I had the dubious honor of learning that a pregnancy after having had one child on the autism spectrum means being bombarded with variations of "soooo... what are the odds this one will be autistic too?" Ya know, because people are always so tactful about deeply personal things like reproduction.
For the record, the latest numbers put the odds for my second child at 26%.
We told ourselves that the odds were on our side. We told ourselves that we knew what to look for. We told ourselves we would know what to do. And we hoped.
By the time my precious little Dude was 8 months old I could no longer deny he was missing communication milestones. By 10 months old it wasn't getting any better. I knew what I was seeing because we have unfortunately been there, done that. At 11 months, I called Early Intervention. For his first birthday, he got a full blown evaluation. They found a significant speech delay - my 12 month old was communicating at a 4 month level - and a borderline cognitive/developmental delay.
The best thing I can say about all this is at least people stopped saying "aren't you glad this one is normal?" (File Under: People I Deserve a Medal for Not Throat Punching)
Just a few weeks after the Dude's initial EI workup, Bear had his routine neurology checkup. I went in knowing I had to ask a question I deeply, desperately did not want to ask. But the Dude was 14 months old and the clock was ticking... I was painfully aware that 15-18 months is the age regressive autism commonly sets in.
So, I asked him. "Is it possible to have classic and regressive autism in the same family?"
He said yes, of course. I told him that was the wrong answer.
He was quite concerned about how things were going with Dude and was glad to hear we already have him in therapy through EI.
It's been several months and we saw him again this week for Bear's checkup. He was, of course, interested in that wrinkled eyebrow, frowny face doctor way when I told him the Dude had slightly regressed developmentally, developed dangerous sensory seeking behaviors and was now up to 3 EI therapies a week. I asked him if he thought a Developmental Pediatrician might be a good idea; he said absolutely and quickly recommend two he has worked with.

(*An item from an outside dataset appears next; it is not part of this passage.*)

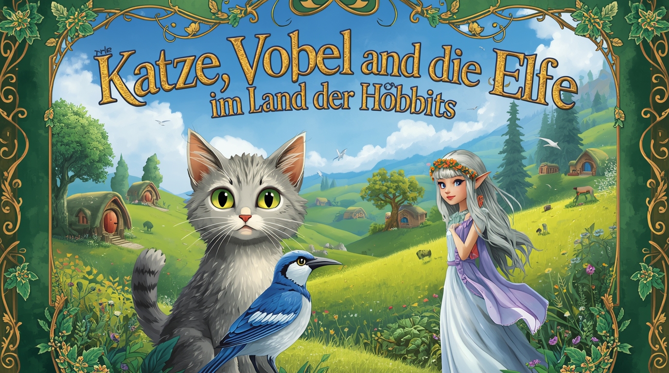 Im grünen Land der Hobbits saßen eine gestreifte Katze, ein kleiner blaugrüner Vogel und eine schimmernde Elfe auf einem moosigen Hügel und…

The thing is, I don't want my baby to be an interesting case for one of best pediatric specialists in Chicagoland. I don't want my kids to be so fascinating that the fancy doctors tell us we ought to have a genetics study done. And I really don't want a Very Important Doctor to tell me I should take my baby for a consult with one of his colleagues.
I know I'll get in trouble for saying this, but I'm gonna say it anyway: I don't want my baby to develop autism.

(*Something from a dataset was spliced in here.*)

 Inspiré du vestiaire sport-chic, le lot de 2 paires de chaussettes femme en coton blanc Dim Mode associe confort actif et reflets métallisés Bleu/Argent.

I can already hear the haters and the trolls warming up their keyboards. But seriously? They can suck it.
This does not mean I love my autistic son any less.
This does not mean I will love my baby any less if he does develop autism.
I love both my boys with the full ferocity of a mother's heart. More so, even, because the world is not a welcoming place for those born with different brains. And it tears me apart knowing they will have to work so much harder to find their way.
I watch the days and weeks tick by and I wonder what will happen. The Dude is doing very well in therapy, and we celebrate his successes. But there's a shadow clouding my joy. Because what if?
He's definitely got Sensory Processing Disorder. We will not be surprised if he receives a Language Processing Disorder diagnosis. The speech therapist was happy to hear that we'd scheduled a hearing test because they're seeing the same things that concern us... and the hearing test was fine, which sets us on a path for a potential Auditory Processing Disorder diagnosis someday. The red flags marking the path to a place on the spectrum keep piling up.
My precious little Dude is the joy of our family. He is loving. He is engaged. He looks into my eyes and smiles and - a year belated and coaxed out with endless months of speech therapy - says Mama.
He is a force to be reckoned with. The sun at the center of our family universe, his gravitational pull brings Bear out of his world and into ours more than anything we've ever tried. The Dude is not just a gift himself, he gave us the gift of a richer relationship with our Bear.
I find it both easier and harder to raise a baby who notices my presence, mimics my actions, wants my attention. And bittersweet; it was almost better not knowing how much of this I missed out on with my beloved Bear.
I hear stories about how devastated parents are when their children regress into autism and, honestly, I've been grateful that my Bear was a classic case. Because I couldn't imagine the pain of bonding with your child and then watching that fade away.
Except that now I can. And it scares me to death.
I'm scared that all I may get is another few months with my Dude before he follows his brother into the internal world he so happily inhabits when it's autism's turn to have him.
I'm scared I'll forget what it was like, to have him smile at me and lift his arms to be held.
I'm even more scared I'll remember what it was like, and the pain will be too much too bear.
As with any child, I carpe every diem with him. And I watch the calendar. And watch for signs. And wonder as each tomorrow dawns if this will be the last day he looks into my eyes and smiles.